My memory is a bit fuzzy since it’s been so long since I worked on that code. I believe you are right. My original motivation for starting down that path was to have a, IMHO, nicer way to implement __getattr__ compared to what was done in PEP 562. I.e. if LOAD_GLOBAL does __getattr__ on the module object, you can implement something like PEP 562 with an actual __getattr__ method on the module. Or, you could even define a property. There are some other side benefits like making the import system a lot cleaner (e.g. passing around and operating on modules, rather than module dicts).
In my prototype, if you access module.__dict__, you get back a dict instance. So there would be no way to trap access to do the lazy load PEP 690 does. If you did mod.foo that would trigger the lazy load of foo. But mod.__dict__['foo'] would not trigger it. So, I can imagine your wack-a-mole problems. If you ran into a lot of them in real code, my idea is not viable.
It does to me. I would be real happy if 3.12 had this lazy loading feature and I would spend time to try to enable where I could.
I think you could argue it is a case of practicality beats purity. I wonder too if CPython will have something like abstract and concrete types at some point in the not too distant future. Not sure of the terminology but I think pypy does something like that. I.e. there could be multiple concrete (aka hidden) types that satisfy isinstance(obj, dict). It will take some clever engineering to make that work given the C-API but could allow many optimizations. E.g. specialized dict implementations used for namespaces.
Edit: BTW, the reason I was originally looking at a nicer way to do PEP 562 was because I was working on a crazy lazy import idea. Barry has some of the prototype code in github, see comments in lazy_compile.py. My idea from way back then looks pretty similar to some things that Cinder is doing with strict/static modules.

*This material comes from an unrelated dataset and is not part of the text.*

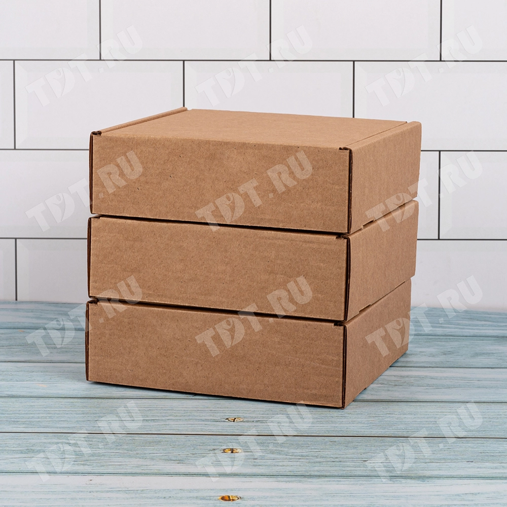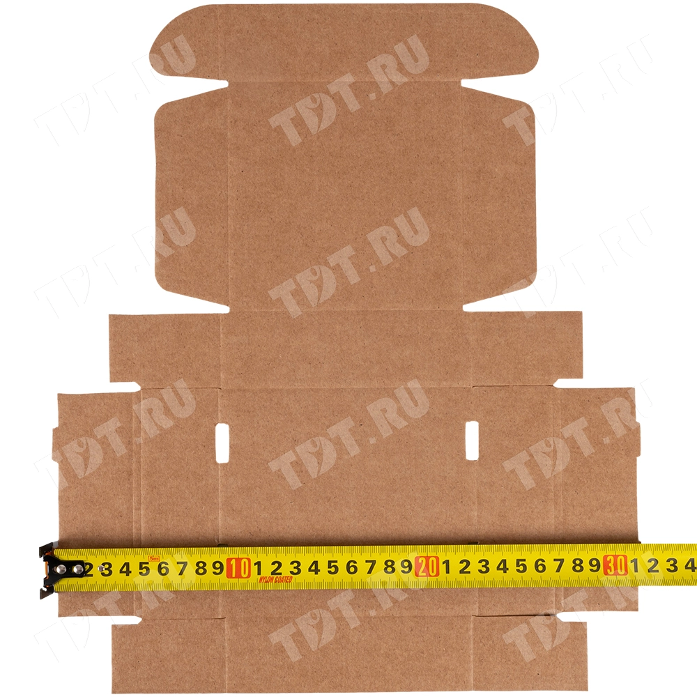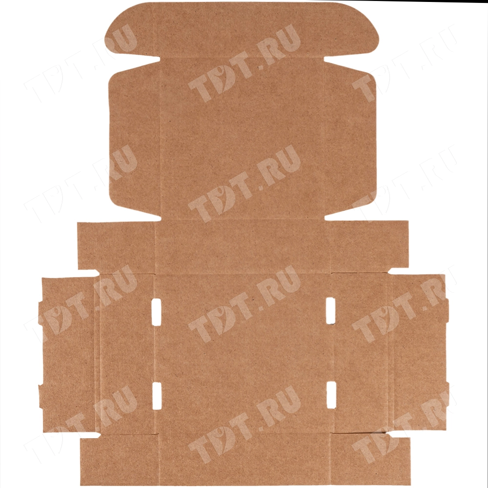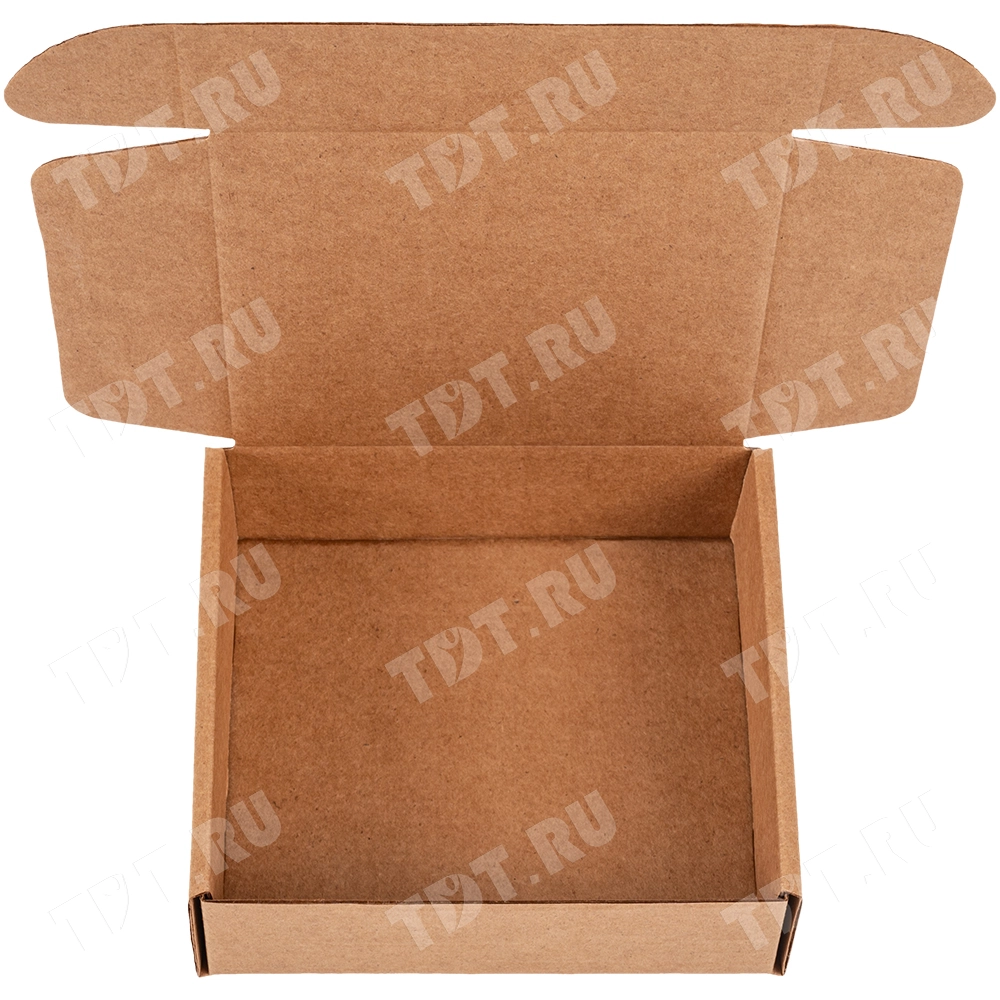 Самосборный короб №129 бурого цвета, длиной 125 мм, шириной 120 мм и высотой 40 мм. Изготовлен из гофрокартона Т-23 Е. Полезный объём — 0.6 л.

Ah yes, I skipped the rationale section because “faster startup time” was obvious and went straight to the reference implementation section, which only talked about Cinder
My only “concern” as a run-of-the-mill Python developer is that, for CLIs which are distributed widely (e.g. via PyPI and managed with pipx - not just within a corporate environment, which is what appears to have been the motivating use case), a user-enabled start-up flag or environment override might prove impractical[1] or otherwise require e.g. the creation of platform-specific wrapper scripts which would complicate delivery. If there were some way to opt into lazy imports - not necessarily on a per-module basis but within Python - I think that would interest a lot of CLI authors.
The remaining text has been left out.